Her zaman olduğu gibi, herhangi bir teoride pratik uygulamayı anlamak önemlidir, bizim durumumuzda ekoköyler konusunu ele alacağız. Şu anki geçiş aşamasında, daha yolun başındayken, tüm kentsel planlama faaliyetleri, ihtiyaç olmaması ve büyük yerleşimler oluşturma olasılığı göz önüne alındığında çok basittir. Yapılması gereken ilk şey, inşa etmek için bir yer belirlemek, yani Curry ızgarasında olağandışı, az çok güçlü bir düğüm aramaya başlamaktır. Bunda, radyestezistlerin mesleği ile atalarımız gibi oluyoruz. Bulunan koşullu noktayı yerleşimin merkezi çekirdeği olarak seçmek en doğrudur.

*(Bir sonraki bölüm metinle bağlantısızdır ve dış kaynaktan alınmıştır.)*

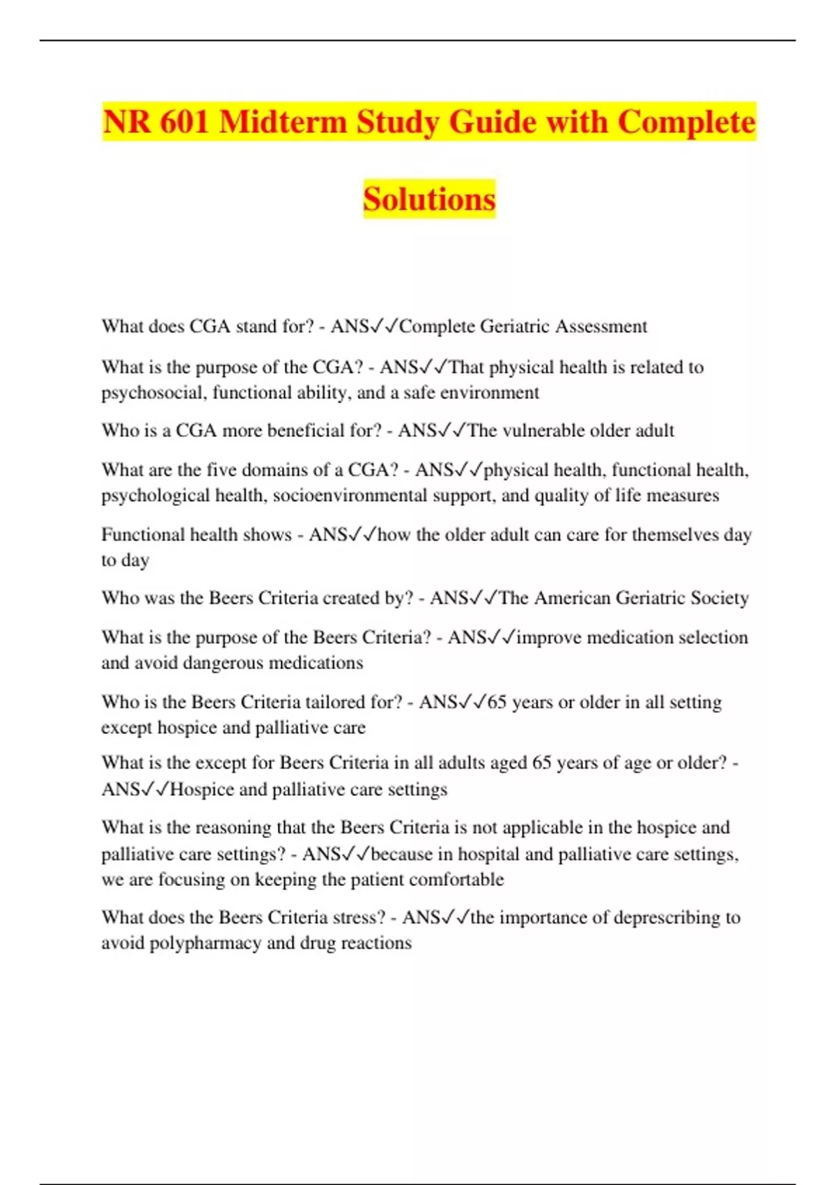 NR 601 Midterm Study Guide with Complete Solutions What does CGA stand for? - ANSComplete Geriatric Assessment What is the purpose of the CGA? - ANSThat physical health is related to psychosocial, functional ability, and a safe environment Who is a CGA more beneficial for? - ANSThe vulnerable older adult What are the five domains of a CGA? - ANSphysical health, functional health, psychological health, socioenvironmental support, and quality of life measures Functional health shows - ANShow the older adult can care for themselves day to day Who was the Beers Criteria created by? - ANSThe American Geriatric Society What is the purpose of the Beers Criteria? - ANSimprove medication selection and avoid dangerous medications Who is the Beers Criteria tailored for? - ANS65 years or older in all setting except hospice and palliative care What is the except for Beers Criteria in all adults aged 65 years of age or older? - ANSHospice and palliative care settings What is the reasoning that the Beers Criteria is not applicable in the hospice and palliative care settings? - ANSbecause in hospital and palliative care settings, we are focusing on keeping the patient comfortable What does the Beers Criteria stress? - ANSthe importance of deprescribing to avoid polypharmacy and drug reaction

Jeobiyojenik ağın yerel kesitinin çizim tipi belirlendikten sonra, yerleşim tipi belirlenir, baskın hatlar belirlenir ve küresel sınırlara uygun olarak fonksiyonel imar yapılır. ve yerel hücreler. Aynı aşamada, anormal bölgeleri belirlemek ve kalite ile ilgili sorunu onlarla çözmek gerekir. Negatifi ya düzeltin ya da etkisiz hale getirin ya da pozitifi aktif olarak kullanın. Hücreleri birleştirme sürecinde, operasyonda en uygun olacakları için en uygun, yani doğru veya en azından basit geometrik şekilleri oluşturmalısınız.

Yardıma, teknik yeteneklere ve ihtiyaçlara bağlı olarak, ekoköyün dış sınırını belirleyin. Hücrelerin sınırları boyunca tam olarak geçebilir ve uç kısımlara sabitlenebilir, aynı zamanda tam bir geometrik şekil oluşturmaya da izin verilir. Bu arada, atalarımız bunu genellikle küçük köylerde, skuflarda, kalelerde ve diğer yerleşim yerlerinde bile yaptılar. Temel olarak bir daire, oval veya kare şekli kullanıldı. Bizim durumumuzda, dış sınır bir yan yol veya bir ağaç şeridi olabilir. Önemli bir nokta, yerleşimin bağ dokusudur - bunlar yol profilleridir. Düzen ne kadar karmaşık olursa olsun, 2 veya 3 tip özenle tasarlanmış ve tamamen somutlaştırılmış sokak profilleri tüm alanı birleştirecektir. Burada genişlik ve yeşil alanlardan tasarruf etmemek önemlidir, siteden siteye toplam genişliğin 30 - 35 metreye eşit olması kesinlikle normal bir durumdur. Karmaşık bir sarım düzeninde estetik bir ortamın yaratılması her zaman çok zor olacağı için bu nokta gözden kaçırılmamalıdır.

ÇÖZÜM

Mantıklı bir sonuç için, ana noktaları bir kez daha netleştirelim. Tüm antik şehirler, Curry şebekesinin kilit noktalarında bulunur. Bu tasarım çözümü, onları mümkün olduğunca canlı hale getirir. Ekoköylerimizi düzenlerken, referans noktası veya merkez olarak biyolokasyon kullanarak güç yerleri bulmak gerekir. Sadece jeobiyojenik ağın olumsuz noktalarını düzeltmek için değil, aynı zamanda çizimin kendisini değiştirmek için de teknolojiler var. Benzer bir sonuç, özel binaların ve megalitlerin inşasıyla da elde edilir, ancak bu konu çok fazla araştırma gerektirir. Güç çerçevesinin koordinasyonu ve kozmosantrizm kavramı çerçevesinde şekillendirmenin iki yolu vardır. Herhangi bir binaya eşmerkezli merkezler ve alt merkezler ekleyebilir veya doğal çizgi desenini koruyabilir, yerleşimi geometrik olarak doğru bir şekille sınırlayabilirsiniz. Arızalar üzerinde bulunan herhangi bir tür anormallikten yararlanma potansiyeli çok büyüktür ve henüz tam olarak bilinmemektedir. Bu benzer yerlere çok dikkat etmek ve mümkünse gelecek için bir rezerv oluşturmak gerekiyor, belki de bize sadece atmosferik elektriği değil, çok daha fazlasını da getirecekler. Sonuç olarak, herhangi bir yeni bilgi pratikte doğrulanabilir ve doğrulanmalıdır ve ekoköyler bu tür araştırmalar için mükemmel bir yerdir.